The ostensible reason for the delay in notifying the Act is that its cost is still being worked out. But those associated with its implementation point out that even as the cost is being debated there are other significant things that could have been done by notifying the RTE Act. HRD ministry has pegged the cost of RTE at Rs 1.71 lakh crore for five years. "Many reforms in the RTE Act do not cost money. Now if it is notified in the end of March to be applicable from April 1, state governments will be caught unawares. They will be unprepared without budget allocations. That could be a setback. Early notification would have helped put a system in place," a source said.

What happens if the Act is not notified? For one, all systemic reforms laid out in the RTE Act cannot be put in place without notification.

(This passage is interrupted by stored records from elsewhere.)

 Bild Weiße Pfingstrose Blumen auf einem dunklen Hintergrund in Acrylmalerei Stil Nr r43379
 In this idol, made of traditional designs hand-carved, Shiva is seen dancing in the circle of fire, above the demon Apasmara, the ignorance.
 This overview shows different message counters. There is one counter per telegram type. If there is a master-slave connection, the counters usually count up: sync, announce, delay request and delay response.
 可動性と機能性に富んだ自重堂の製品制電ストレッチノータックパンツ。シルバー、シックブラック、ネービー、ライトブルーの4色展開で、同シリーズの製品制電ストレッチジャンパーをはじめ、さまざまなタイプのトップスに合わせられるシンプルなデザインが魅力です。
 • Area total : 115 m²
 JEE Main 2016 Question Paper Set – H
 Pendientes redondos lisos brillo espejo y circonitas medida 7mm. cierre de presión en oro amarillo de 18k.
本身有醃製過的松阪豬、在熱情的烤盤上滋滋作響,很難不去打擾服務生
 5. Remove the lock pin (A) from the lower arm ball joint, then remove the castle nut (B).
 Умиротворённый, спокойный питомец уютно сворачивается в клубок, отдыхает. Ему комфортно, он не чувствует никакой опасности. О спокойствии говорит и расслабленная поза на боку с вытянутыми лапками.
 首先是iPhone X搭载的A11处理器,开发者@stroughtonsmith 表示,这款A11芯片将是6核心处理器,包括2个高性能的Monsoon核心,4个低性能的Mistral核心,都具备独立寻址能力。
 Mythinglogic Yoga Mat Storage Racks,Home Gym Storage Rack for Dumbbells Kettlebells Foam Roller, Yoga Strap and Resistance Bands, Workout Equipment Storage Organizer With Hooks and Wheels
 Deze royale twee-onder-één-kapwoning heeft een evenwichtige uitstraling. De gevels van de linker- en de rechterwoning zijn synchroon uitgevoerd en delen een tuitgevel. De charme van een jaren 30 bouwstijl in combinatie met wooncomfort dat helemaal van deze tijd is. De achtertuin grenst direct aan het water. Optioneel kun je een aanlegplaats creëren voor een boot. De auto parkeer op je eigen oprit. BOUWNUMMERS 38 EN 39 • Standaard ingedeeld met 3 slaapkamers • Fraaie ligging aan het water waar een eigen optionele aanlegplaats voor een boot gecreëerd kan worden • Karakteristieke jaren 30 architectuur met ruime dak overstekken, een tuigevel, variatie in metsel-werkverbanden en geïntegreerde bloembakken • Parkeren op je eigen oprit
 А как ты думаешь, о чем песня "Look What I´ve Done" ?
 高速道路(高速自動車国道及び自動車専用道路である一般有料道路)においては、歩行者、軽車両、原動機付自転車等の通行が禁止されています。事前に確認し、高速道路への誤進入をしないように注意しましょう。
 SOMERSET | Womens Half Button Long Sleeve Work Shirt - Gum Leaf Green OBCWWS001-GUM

These include maintaining a teacher-student ratio of 1:30. "If the Act was in place, steps could have been taken for redeployment of teachers to attain the stipulated ratio. This could have helped bridge the urban-rural imbalance in teacher-student ratio," a source said.

Similarly, provisions in section 29 of the Act that deal with curriculum and examination reforms could have been put in place. This section aims to free the child from the trauma of examinations and introduce comprehensive and continuous evaluation. It also talks of new learning methods. Even implementing the provision on setting up school management committees with adequate representation of parents would have acted as a watchdog, said sources.

"These provisions would have cost no money and yet are huge steps forward for systemic reforms," a source pointed out.

In the absence of notification, the HRD ministry for the past four months has been working on framing model rules for RTE and has set up a committee that will recommend how to harmonize the Sarva Shiksha Abhiyan with RTE.